# **Install Library**

In [None]:
pip install tqdm

In [None]:
pip install google-play-scraper

In [None]:
pip install simager

In [None]:
pip install transformer

# **Import Library**

In [None]:
import pandas as pd
import numpy as np
from tqdm import tqdm
from google_play_scraper import Sort, reviews, app

from huggingface_hub import notebook_login
from transformers import pipeline
from simager.preprocess import TextPreprocess

import dateutil.parser

#**Scrapping Dataset**

### **Scrapping Tokopedia**

In [None]:
result_tokopedia, continuation_token = reviews(
    'com.tokopedia.tkpd',
    lang='id', # defaults to 'en'
    country='id', # defaults to 'us'
    sort=Sort.NEWEST, # defaults to Sort.NEWEST
    count=150000, # defaults to 100
    filter_score_with=None
)

df_tokopedia = pd.DataFrame(result_tokopedia)
df_tokopedia = df_tokopedia.sort_values(['at'])
df_tokopedia['Apps'] = 'tokopedia'

In [None]:
df_tokopedia.to_csv('/content/drive/MyDrive/Dataset/df_tokopedia_150.csv', index=False)

### **Scrapping Lazada**

In [None]:
result_lazada, continuation_token = reviews(
    'com.lazada.android',
    lang='id', # defaults to 'en'
    country='id', # defaults to 'us'
    sort=Sort.NEWEST, # defaults to Sort.NEWEST
    count=600000, # defaults to 100
    filter_score_with=None
)

df_lazada = pd.DataFrame(result_lazada)
df_lazada = df_lazada.sort_values(['at'])
df_lazada['apps'] = 'lazada'

In [None]:
df_lazada.to_csv('/content/drive/MyDrive/Dataset/df_lazada.csv',index=False)

### **Scrapping Blibli**

In [None]:
result_blibli, continuation_token = reviews(
    'blibli.mobile.commerce',
    lang='id', # defaults to 'en'
    country='id', # defaults to 'us'
    sort=Sort.NEWEST, # defaults to Sort.NEWEST
    count=100000, # defaults to 100
    filter_score_with=None
)

df_blibli = pd.DataFrame(result_blibli)
df_blibli = df_blibli.sort_values(['at'])
df_blibli['Apps'] = 'blibli'

In [None]:
df_blibli.to_csv('/content/drive/MyDrive/Dataset/df_blibli.csv', index=False)

### **Scrapping Tik-Tok**

In [None]:
result_tiktok, continuation_token = reviews(
    'com.tiktokshop.seller',
    lang='id', # defaults to 'en'
    country='id', # defaults to 'us'
    sort=Sort.NEWEST, # defaults to Sort.NEWEST
    count=100000, # defaults to 100
    filter_score_with=None
)
df_tiktok = pd.DataFrame(result_tiktok)
df_tiktok= df_tiktok.sort_values(['at'])
df_blibli['Apps'] = 'blibli'

In [None]:
df_tiktok.to_csv('/content/drive/MyDrive/Dataset/df_tiktok.csv', index=False)

#**Data Labeling**

### **Load Text Pre-processing**

In [None]:
from simager.preprocess import TextPreprocess
methods = [
    "rm_hastag",
    "rm_mention",
    "rm_nonascii",
    "rm_emoticons",
    "rm_html",
    "rm_url",
    "sparate_str_numb",
    "pad_punct",
    "rm_punct",
    "rm_repeat_char",
    "rm_repeat_word",
    "rm_numb",
    "rm_whitespace",
    "normalize",
]

cleaner = TextPreprocess(methods=methods)
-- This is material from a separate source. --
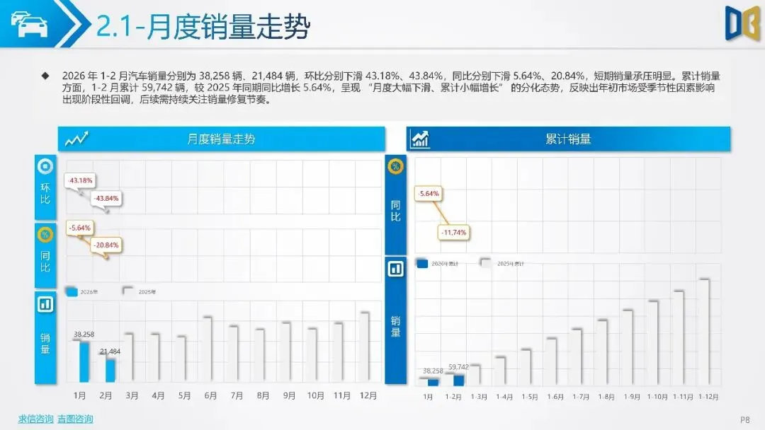 MPV、货车、客车占比分别为8.36%、3.54%、1.33%,交叉型占比仅0.18%;各车型销量均呈同比、环比双降态势,其中客车同比降幅最大(-71.57%)SUV环比降幅最大(-45.59%)轿车、MPV、货车、交叉型降幅也均超27%,整体车型市场承压显著。

### **Load Model Pre-trained**

In [None]:
from transformers import AutoTokenizer, AutoModelForSequenceClassification

tokenizer = AutoTokenizer.from_pretrained("sahri/indonesiasentiment")
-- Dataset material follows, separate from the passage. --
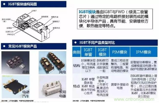 IGBT模塊是由IGBT與FWD(續(xù)流二極管芯片)通過特定的電路橋接封裝而成的模塊化半導體產品,具有節(jié)能、安裝維修方便、散熱穩(wěn)定等特點。

model = AutoModelForSequenceClassification.from_pretrained("sahri/indonesiasentiment")

In [None]:
nlp = pipeline(
    "sentiment-analysis",
    model=model,
    tokenizer=tokenizer
)

def predict_sentimen(text):
  a = nlp(text)
  return a[0]["label"]

### **Labeling Tokopedia**

In [None]:
df_tokopedia = pd.read_csv('/content/drive/MyDrive/Dataset/df_tokopedia.csv')

In [None]:
df_tokopedia = df_tokopedia.drop(['reviewId','userImage','thumbsUpCount','reviewCreatedVersion','replyContent'],axis=1)

In [None]:
df_tokopedia["at"] = df_tokopedia["at"].astype('datetime64[ns]')
df_tokopedia["repliedAt"] = df_tokopedia["repliedAt"].apply(
    lambda t: dateutil.parser.parse(t) if isinstance(t, str) else None
)

#### **Data Pre-processing**

In [None]:
df_tokopedia['content'] = df_tokopedia['content'].apply(cleaner)

In [None]:
#replace blank value in colum text with NAN value
df_tokopedia['content'].replace('', np.nan, inplace=True)
#drop row where colum text with nan value
df_tokopedia.dropna(subset=['content'], inplace=True)

#### **Predict Sentimen**

In [None]:
df_tokopedia['sentimen'] = df_tokopedia['content'].apply(predict_sentimen)

In [None]:
df_tokopedia['sentimen'].value_counts()

In [None]:
df_tokopedia.to_csv('/content/drive/MyDrive/Dataset/df_tokopedia_Sentimen.csv', index=False)

### **Labeling Lazada**

In [None]:
df_lazada = pd.read_csv('/content/drive/MyDrive/Dataset/df_lazada.csv')

In [None]:
df_lazada = df_lazada.drop(['reviewId','userImage','thumbsUpCount','reviewCreatedVersion','replyContent'],axis=1)

In [None]:
df_lazada["at"] = df_lazada["at"].astype('datetime64[ns]')
df_lazada["repliedAt"] = df_lazada["repliedAt"].apply(
    lambda t: dateutil.parser.parse(t) if isinstance(t, str) else None
)

#### **Data Pre-processing**

In [None]:
df_lazada['content'] = df_lazada['content'].apply(cleaner)

In [None]:
#replace blank value in colum text with NAN value
df_lazada['content'].replace('', np.nan, inplace=True)
#drop row where colum text with nan value
df_lazada.dropna(subset=['content'], inplace=True)

#### **Predict Sentimen**

In [None]:
df_lazada['sentimen'] = df_lazada['content'].apply(predict_sentimen)

In [None]:
df_lazada['sentimen'].value_counts()

In [None]:
df_lazada.to_csv('/content/drive/MyDrive/Dataset/df_lazada_Sentimen.csv', index=False)

### **Labeling Blibli**

In [None]:
df_blibli = pd.read_csv('/content/drive/MyDrive/Dataset/df_blibli.csv')

In [None]:
df_blibli = df_blibli.drop(['reviewId','userImage','thumbsUpCount','reviewCreatedVersion','replyContent'],axis=1)

In [None]:
df_blibli["at"] = df_blibli["at"].astype('datetime64[ns]')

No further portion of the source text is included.